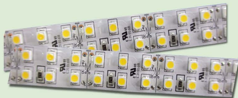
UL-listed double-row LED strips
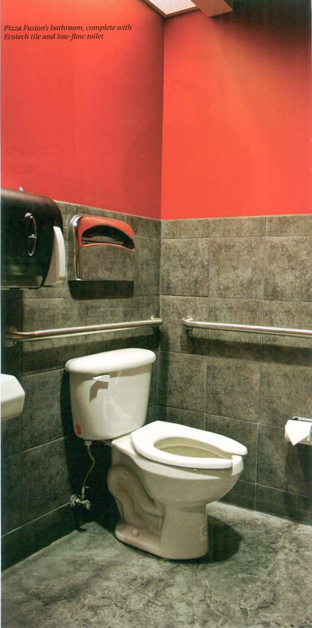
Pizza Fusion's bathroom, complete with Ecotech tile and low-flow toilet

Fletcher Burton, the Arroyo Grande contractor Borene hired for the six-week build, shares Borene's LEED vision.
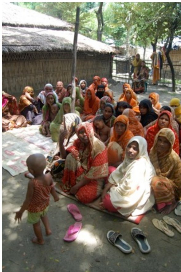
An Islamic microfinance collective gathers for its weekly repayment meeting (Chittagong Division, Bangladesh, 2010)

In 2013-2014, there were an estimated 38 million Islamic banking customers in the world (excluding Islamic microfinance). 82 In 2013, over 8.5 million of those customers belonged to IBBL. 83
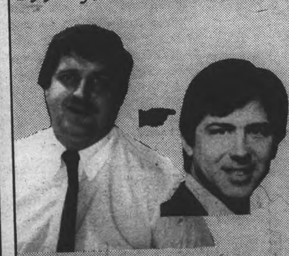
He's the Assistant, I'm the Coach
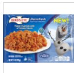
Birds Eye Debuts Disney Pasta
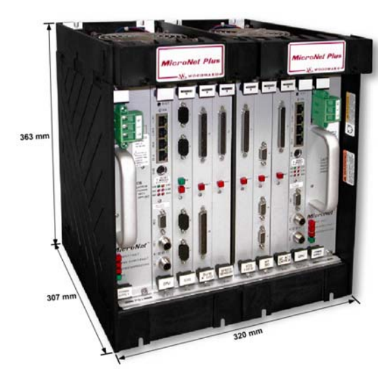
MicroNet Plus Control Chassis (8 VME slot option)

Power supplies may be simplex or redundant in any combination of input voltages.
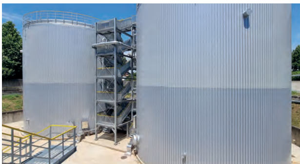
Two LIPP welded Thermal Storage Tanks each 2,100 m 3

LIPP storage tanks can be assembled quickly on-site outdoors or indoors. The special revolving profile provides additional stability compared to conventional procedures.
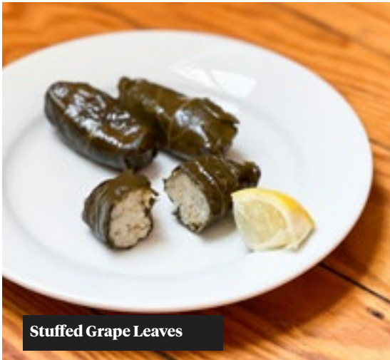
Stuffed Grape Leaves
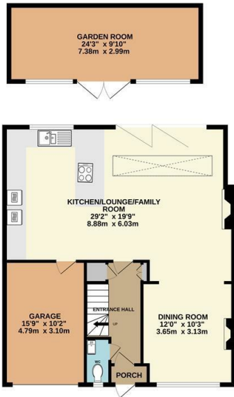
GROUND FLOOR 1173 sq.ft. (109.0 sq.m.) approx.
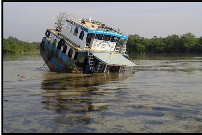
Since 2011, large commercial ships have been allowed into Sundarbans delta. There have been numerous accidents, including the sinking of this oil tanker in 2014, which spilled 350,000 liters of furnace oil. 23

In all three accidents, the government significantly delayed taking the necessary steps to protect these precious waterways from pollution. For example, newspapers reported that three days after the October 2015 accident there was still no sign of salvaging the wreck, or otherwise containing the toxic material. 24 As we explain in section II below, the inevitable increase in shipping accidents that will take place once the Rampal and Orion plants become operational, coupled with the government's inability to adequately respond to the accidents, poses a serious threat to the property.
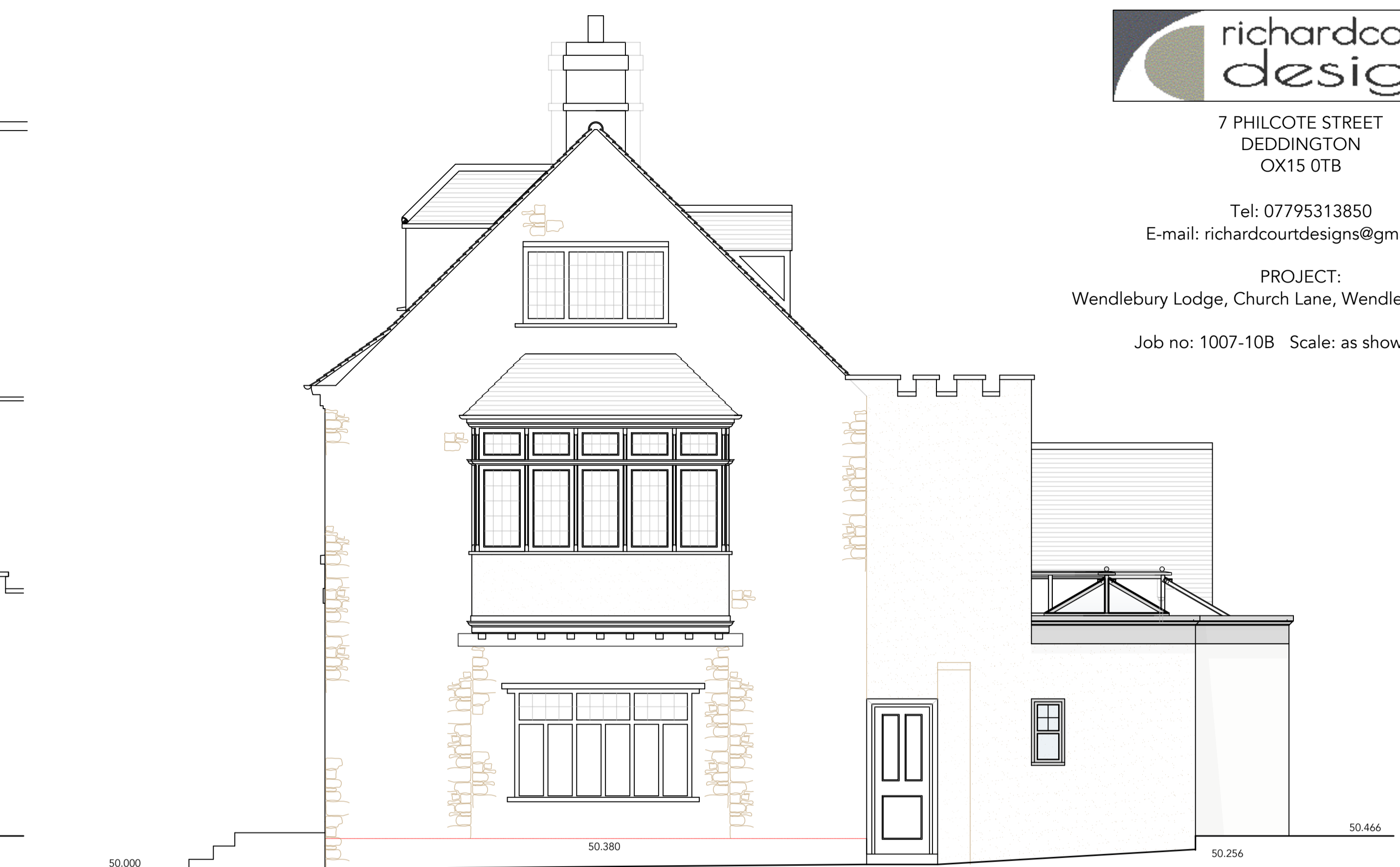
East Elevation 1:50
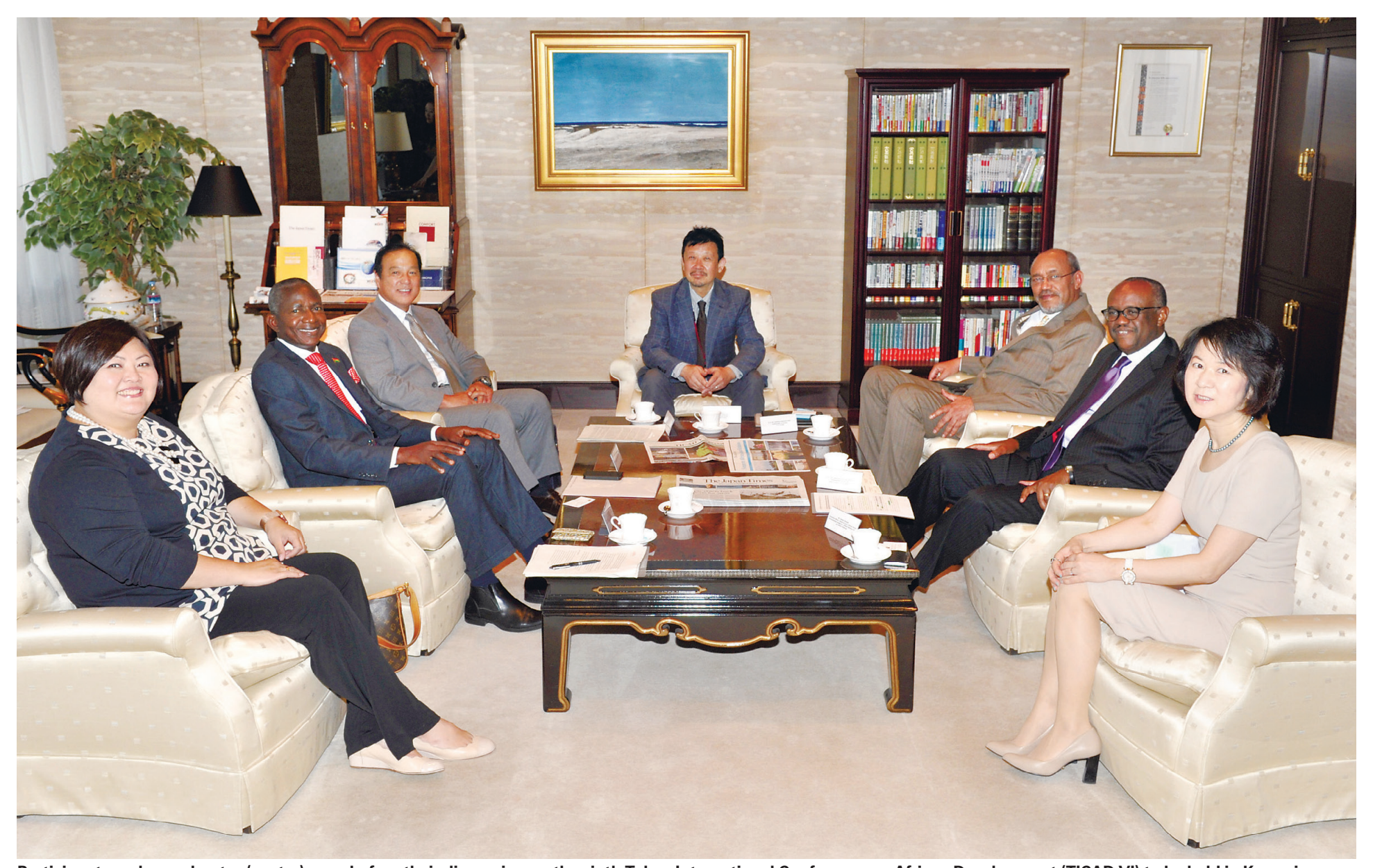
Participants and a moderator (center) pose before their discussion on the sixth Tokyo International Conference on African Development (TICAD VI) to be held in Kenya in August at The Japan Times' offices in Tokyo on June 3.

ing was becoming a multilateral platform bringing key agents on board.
-=-=-=-=-
**What to produce:**
Copy each line in the data that holds the word "LIPP".

**Result for this exercise:**
Two LIPP welded Thermal Storage Tanks each 2,100 m 3
LIPP storage tanks can be assembled quickly on-site outdoors or indoors. The special revolving profile provides additional stability compared to conventional procedures.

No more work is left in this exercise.